> **Data for this task**:

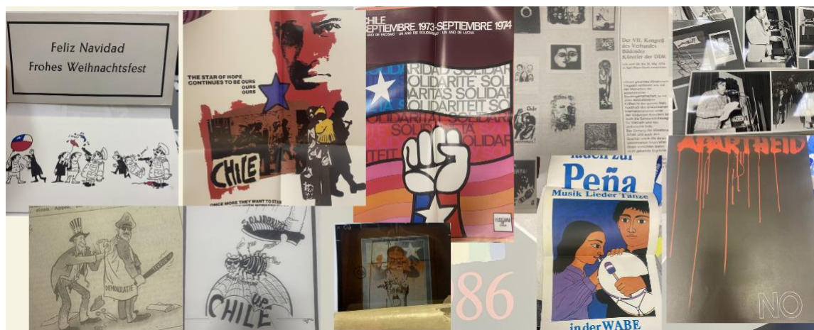
Figura 5: Imágenes de material de Colecciones diversas, Fondo Peter Stobinski.

De la misma forma, el papel de la cultura fue crucial para la resistencia y la solidaridad en la diáspora chilena. Hay varias maneras en que la cultura estuvo fuertemente ligada a la lucha contra la dictadura y a la movilización internacional. Figuras como Víctor Jara, Violeta Parra o el dueto Tiempo Nuevo, se convirtieron en símbolos poderosos de resistencia y esperanza. Sus canciones y poemas capturaron el espíritu de lucha y ofrecieron un mensaje de esperanza, influyendo tanto a chilenos como a simpatizantes internacionales. El teatro, la poesía y la música se usaron como herramientas para contar la historia de la resistencia y movilizar apoyo. Estas formas de expresión cultural permitieron a los artistas transmitir emociones y mensajes de solidaridad de manera poderosa y accesible y popularizar el arte de forma transversal entre clases y regiones en Chile y fuera del país. Artistas como el ilustrador Víctor Contreras Tapia, el poeta Sergio Macías, el ilustrador Julio Rodrigo Alegría, el xilógrafo Santos Chávez, el escritor Pablo Neruda, el director de teatro Raúl Sotelo o la cantautora Gisela May, no solo ligaron su arte esta causa, sino que también lo distribuyeron y expusieron en eventos culturales de artistas chilenos y exiliados, tanto en la RDA como en otros países. Esta fue una forma efectiva de visibilizar, internacionalizar y crear conciencia sobre la situación en Chile a través de diferentes disciplinas artísticas como armas de resistencia.
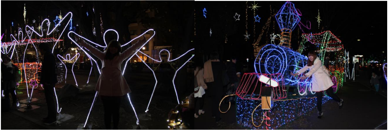
右邊照片的情境是我沒趕上火車的想像哈哈。
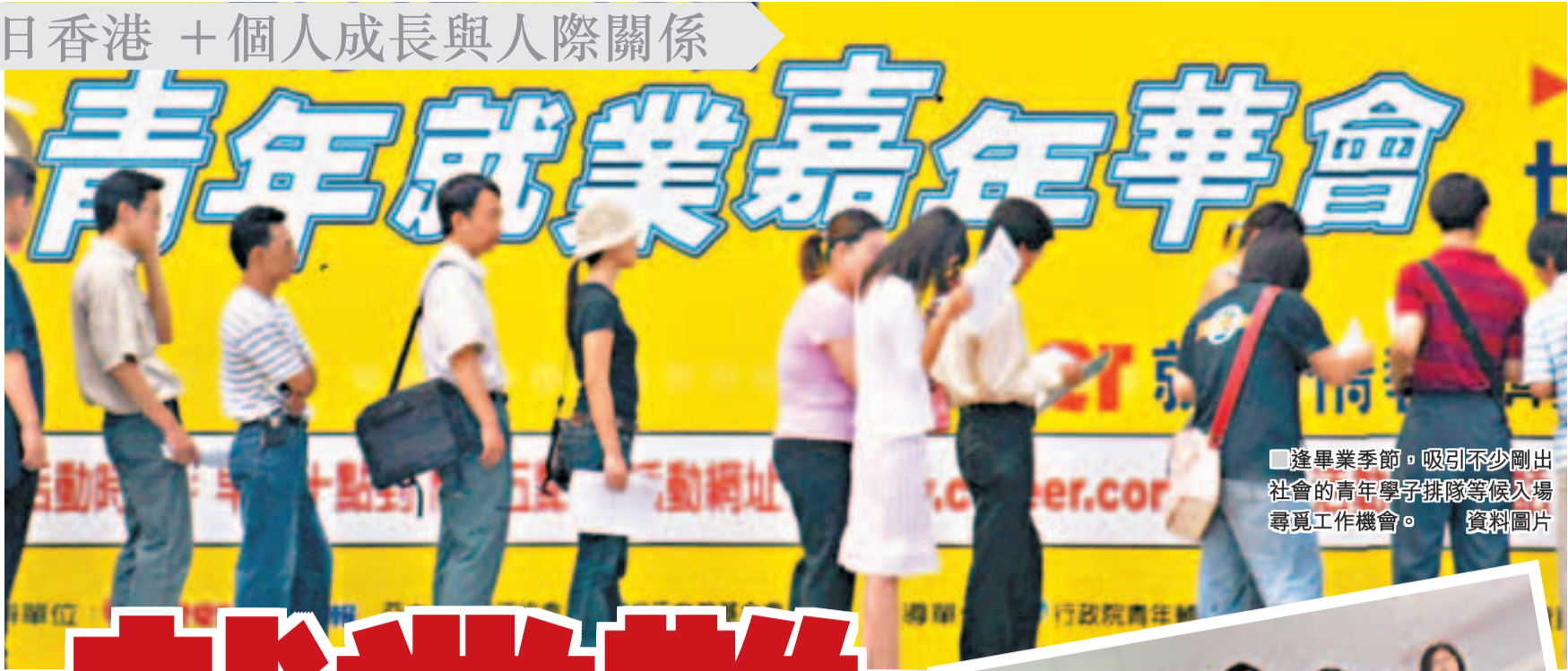
逢畢業季節，吸引不少剛出社會的青年學子排隊等候入場尋覓工作機會。 資料圖片
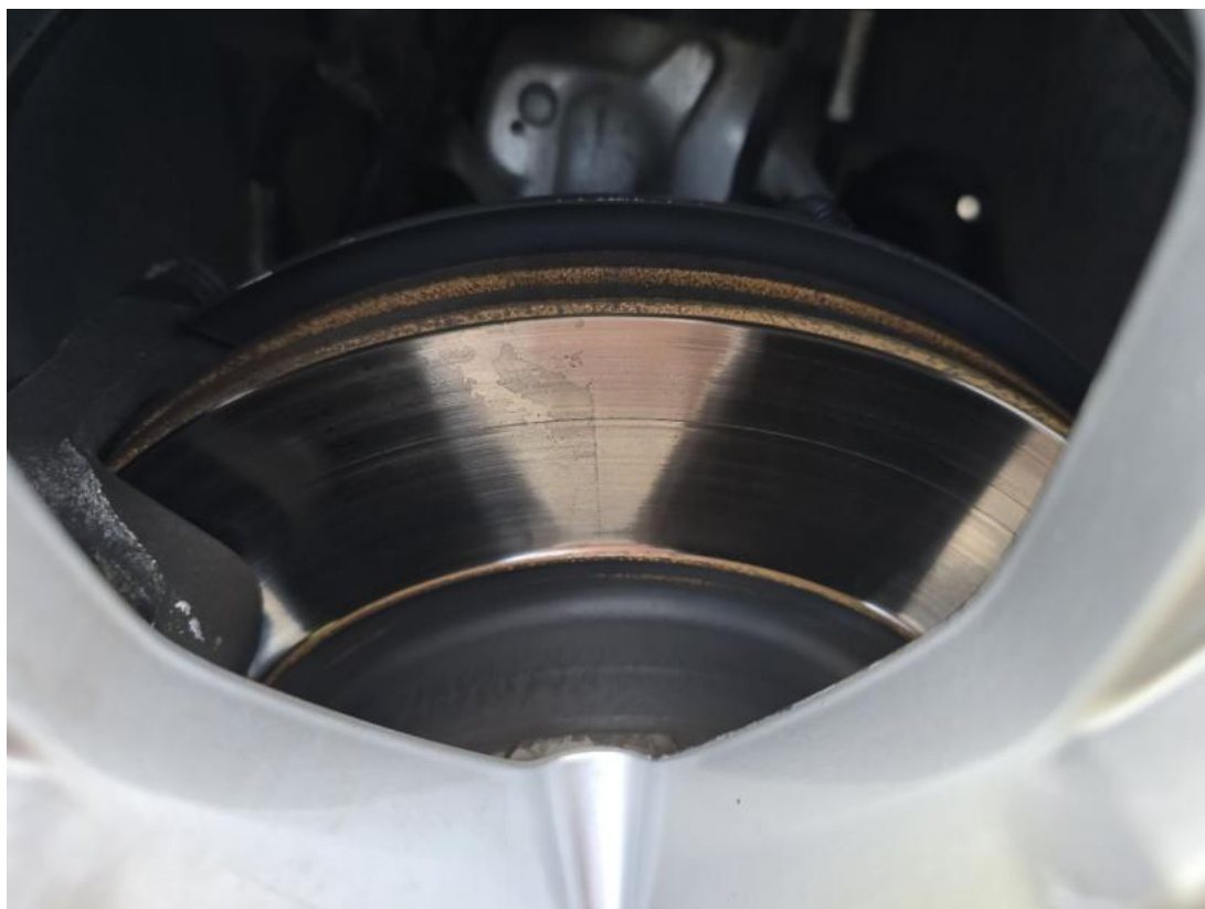
Fot. 29 Tarcza hamulcowa przednia lewa
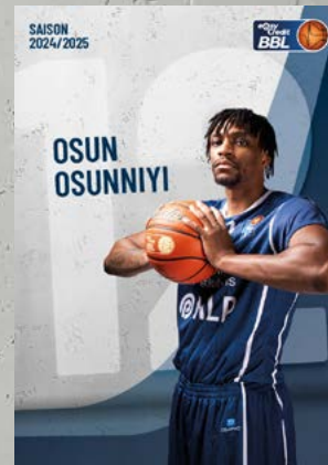
Center | 🇺🇸
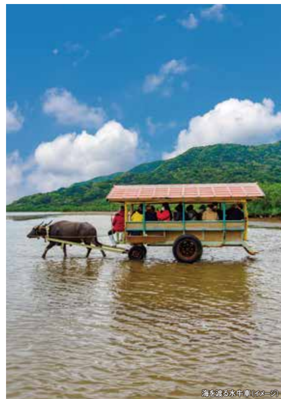
海を渡る水牛車(イメージ)

八重山観光で大人気の竹富島。一歩足を踏み入れれば、そこには時が止まったかのような沖縄の原風景が広がっています。サンゴの石垣に囲まれた赤瓦の民家、そして道を彩る鮮やかなブーゲンビリア。白砂の道をのんびりと歩けば、古き良き琉球の息吹が今も息づいていることを肌で感じられるはずです。また西表島では大自然の息吹を感じる仲間川マングローブクルーズをお楽しみ下さい。

> **Work order**: In the entries above, find the line containing "Fot. 29 Tarcza hamulcowa przednia lewa"; transcribe exactly that line and every line after it through the end, and only those, omitting pictures.

> **Completed exercise**:
Fot. 29 Tarcza hamulcowa przednia lewa
Center | 🇺🇸
海を渡る水牛車(イメージ)

八重山観光で大人気の竹富島。一歩足を踏み入れれば、そこには時が止まったかのような沖縄の原風景が広がっています。サンゴの石垣に囲まれた赤瓦の民家、そして道を彩る鮮やかなブーゲンビリア。白砂の道をのんびりと歩けば、古き良き琉球の息吹が今も息づいていることを肌で感じられるはずです。また西表島では大自然の息吹を感じる仲間川マングローブクルーズをお楽しみ下さい。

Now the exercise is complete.